SEITE 2 / FREITAG, 12. FEBRUAR 2010, DER LESER SCHREIBT:

Erwiderungen zum Leserbrief von Udo Barth vom 5. Februar:

Natur überstrapaziert

Das Umhertreiben von Vögeln mittels Fun-Sport, die Entwertung von Teilen ihres Lebensraums mittels rasender Vogelscheuchen und das Ignorieren von Naturschutzrecht soll Ausdruck von Naturliebe sein? Für die in ihren Sport verliebten Kiter ist Natur Terrain und Tummelplatz fürs Kiten – nicht mehr, nicht weniger. Das beweist ihr Verständnis von „Naturliebe“ ebenso, wie das völlige Fehlen von Problem-Bewusstsein. Sind Störungen tatsächlich Hirngespinste von grünen Spinnern, wenn in 300 Meter Distanz zu einem Kite-Gebiet Vögel rasten?

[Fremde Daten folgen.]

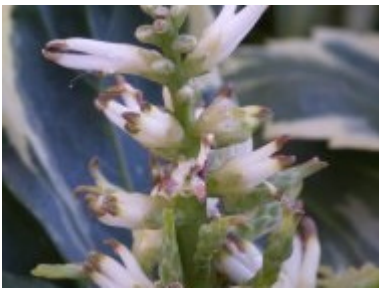
Pachysandra terminalis 'Variegata'
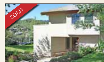
8781 Saddleback Road * 5 BD, 4 BA, 3016 Sq. Ft. * $479,000
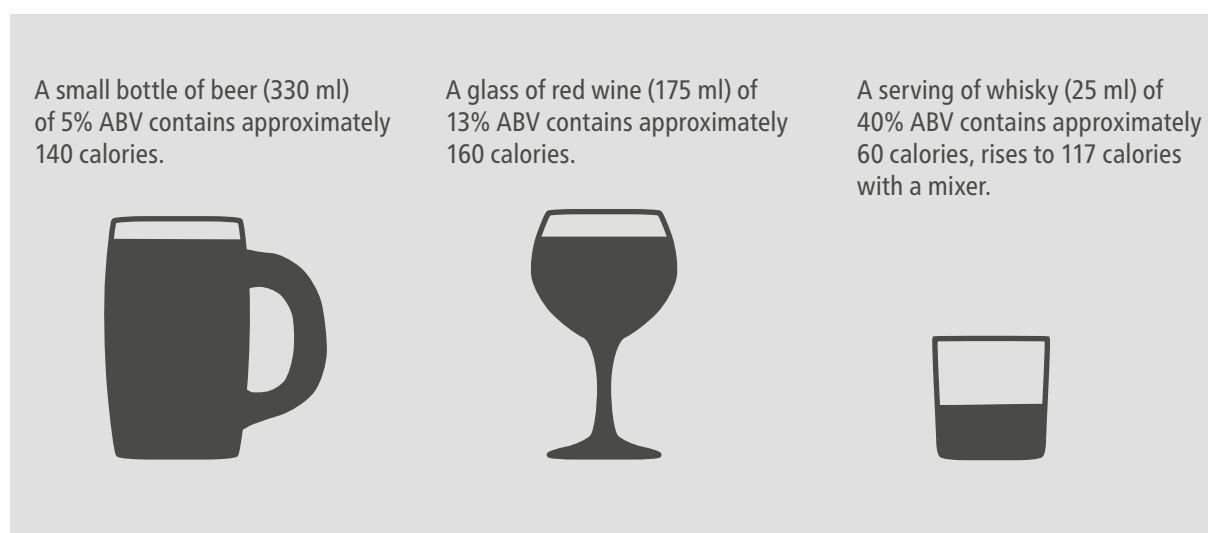
Fig. 2. Calorie content in beer, red wine and whisky
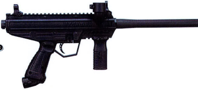
TIPPMANN SPORTS Model Stormer Version 1 - paintball marker - OK
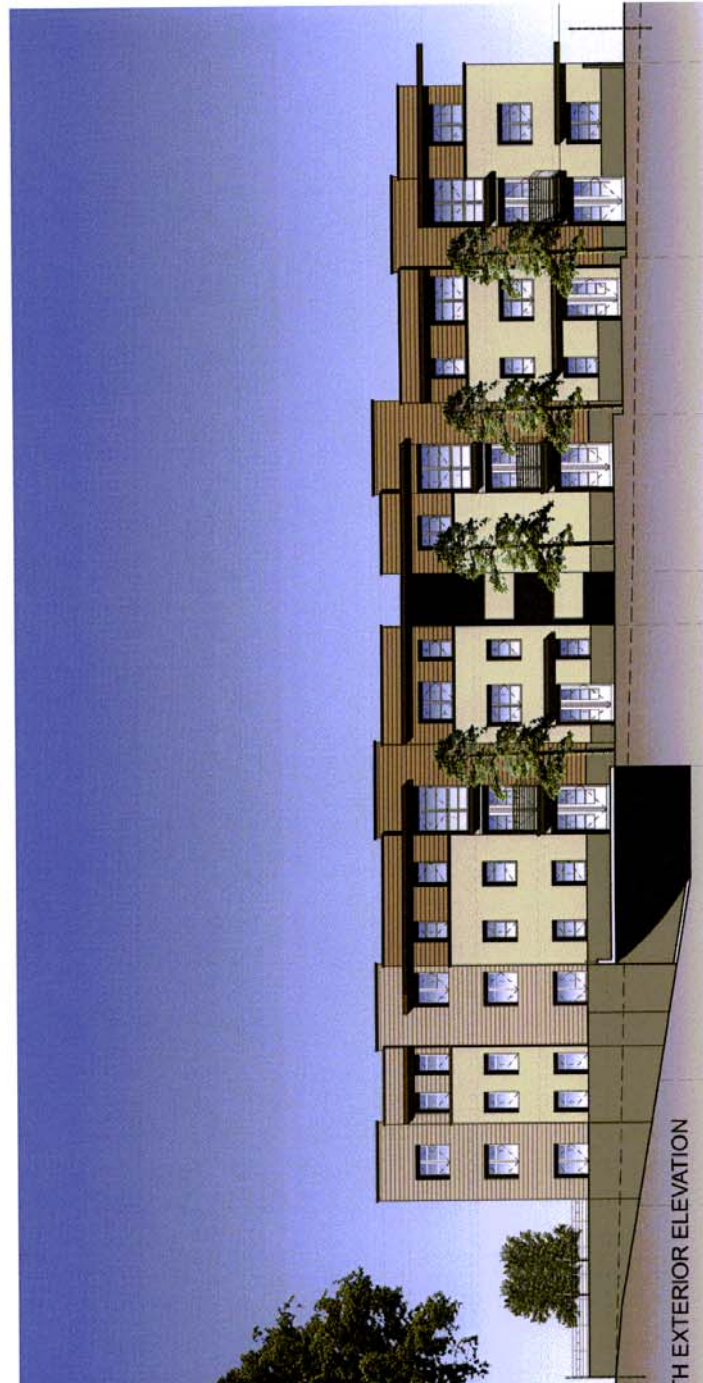
WITH EXTERIOR ELEVATION
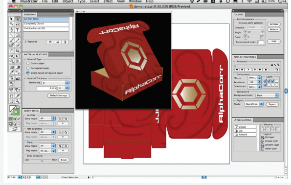
Create a 3D image based on Illustrator artwork and the cut or fold lines in FoldUp!3D.

FoldUp!3D supports both Mac and Windows platforms, including Mac OS OS X, Windows 7, Vista or XP.
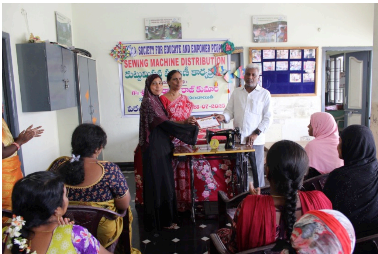
Picture above: Presentation of the sewing machine with certificate. Handed over by the teacher and the head of our organisation in Perecherla.

Incidentally, the sewing machines are always analogue. Remote villages do not always have electricity. The machines, which we consider old, are less prone to breakdowns, cheaper to maintain and also easier to repair.
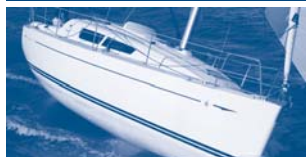
Sun Odyssey 30i Performance
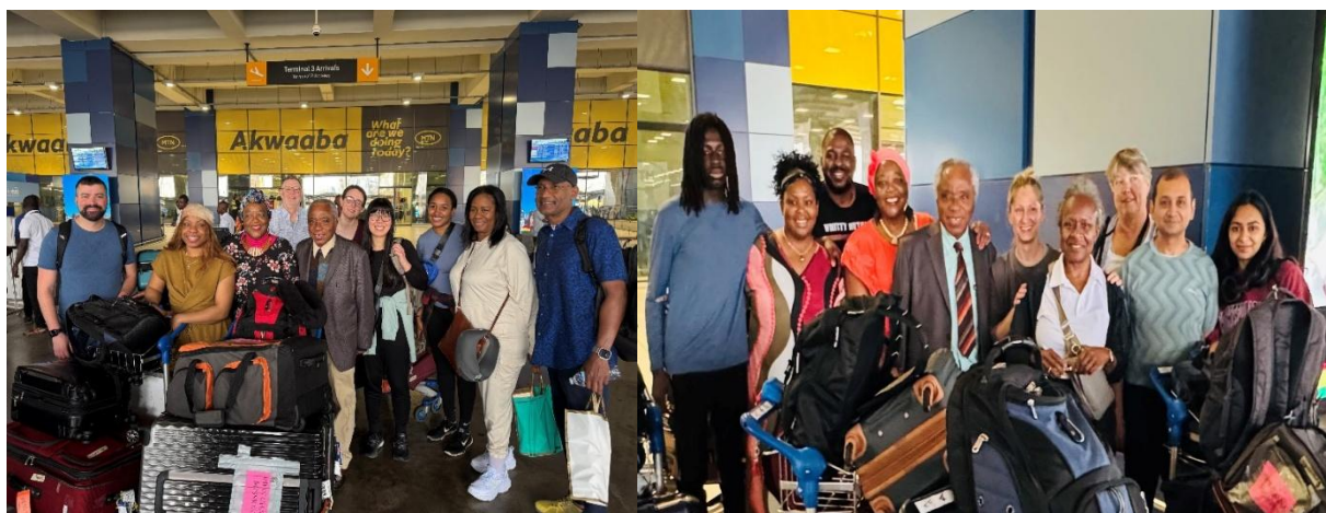
Part of Mission team January-February 2025
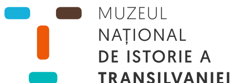
National Museum for the History of Transylvania (Romania)
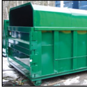
DOUBLE SIDE SWING GATE

Noch nie davon gehört, dass Fluchtdistanzen von vielen Faktoren abhängen? Die Schwarmgröße, das Wetter, der Wasserstand, die individuelle Erfahrung eines Tieres und anderes mehr hat Einfluss darauf, auf welche Entfernungen Wildtiere die Flucht ergreifen. Vom Frühling bis zum Hochsommer können sich überall im Watt Jungvögel oder durch die Mauser flugunfähige Schwimmvögel aufhalten. Welche dramatische Folgen die Konfrontation mit Kitern und anderen Menschen für diese Vögel hat, können sich die sportlichen „Naturliebhaber“ nicht vorstellen, sonst würden sie auf ihren Freizeitspaß in einem Schutzgebiet verzichten. In den 30 Jahren als Vogelwart auf Memmert habe ich hundertfach ähnlichen Unsinn gehört: Ein paar zutrauliche Stockenten oder Möwen gelten als Beweis, dass Menschen gar nicht stören. Brütet am Wegrand ein Austernfischer, gleich wird daraus der Nachweis, dass strikter Schutz gar nicht nötig ist. Eine Stockentenfamilie, die durchs Dorf wandert, belegt angeblich, dass Vögel und Menschen bestens miteinander auskommen…

Auch der Hinweis, dass es noch andere Probleme im Nationalpark gibt, ist sattsam bekannt. Als ob ein Problem dadurch gelöst wird, dass man auf andere Problemfälle zeigt. Die „Naturliebe“ reicht nicht aus, um über den Kiter-Tellerrand hinauszusehen, sonst würden sie bemerken, dass es für die Tiere ums Überleben, nicht um Fun und Sport geht. In anderen Ländern sind die Menschen stolz auf ihre Schutzgebiete und die Missachtung der Schutzbestimmungen hat harte Konsequenzen. Bei uns gibt’s entgegen jeder naturschutzfachlichen Vernunft und Gesetzgebung „Ausnahmeregelungen“ und Ökogeschwätz von denen, die die Natur überstrapazieren.

Rainer Schopf
Jakobsdorf

Behörden reagieren nicht

Die Behauptung „Kitesurfer lieben ihren Sport und die Natur“, setzt der Pro-und-Kontra-Debatte von Kiterzonen im Wattenmeer die Krone auf. Zur Durchsetzung des umweltschädlichsten Trendsports der Küste ist scheinbar jedes Argument recht. Demnach gehört zwangsläufig jeder Sportler, der sich zwischen Himmel und Erde bewegt, zur „Naturfreundfraktion“ und sorgt sich um den Bestand empfindlicher Tierarten. Die Schlacht der Kiter um ihre vermeintliche Sportarena im Weltnaturerbe ist nichts anderes als die Durchsetzung von Eigeninteressen auf Kosten der Natur. Darum geht’s.

Fürs Ego mag der „Kick“ eine Rolle spielen, wenn Zaungäste sportliche Sprünge in Richtung Wolken staunend bewundern. Im anderen Fall locken Vermietern neue Perspektiven mit einer jungen, touristischen „Zielgruppe“. Das schafft mehr Pepp und befreit vom Mief eingetretener Tourismuspfade im Geschäft mit der alternden Zielgruppe von „Promenaden-Wanderern“. Die Zukunft gehört dem sportlich, dynamischen Marktsegment.

Die dynamische Welt des Wattenmeeres bietet Kitern keine Freiräume. Jeder Quadratmeter ist hochproduktiv und wird von Lebewesen genutzt. Ob es sich um Seehunde oder Vögel handelt ist zweitrangig. Der eigentliche Skandal ist nicht das rücksichtslose Treiben der Kiter und deren Lobby des zuliefernden Equipments. Ein Umweltminister namens Sander und die Nationalparkbehörde versagen. Dort ist Zuständigkeit angesiedelt und wird der Natur von Staatsbeamten aktiv verweigert. Kiter und andere Zielgruppen vereinnahmen nur das, was man ihnen behördlicherseits gestattet.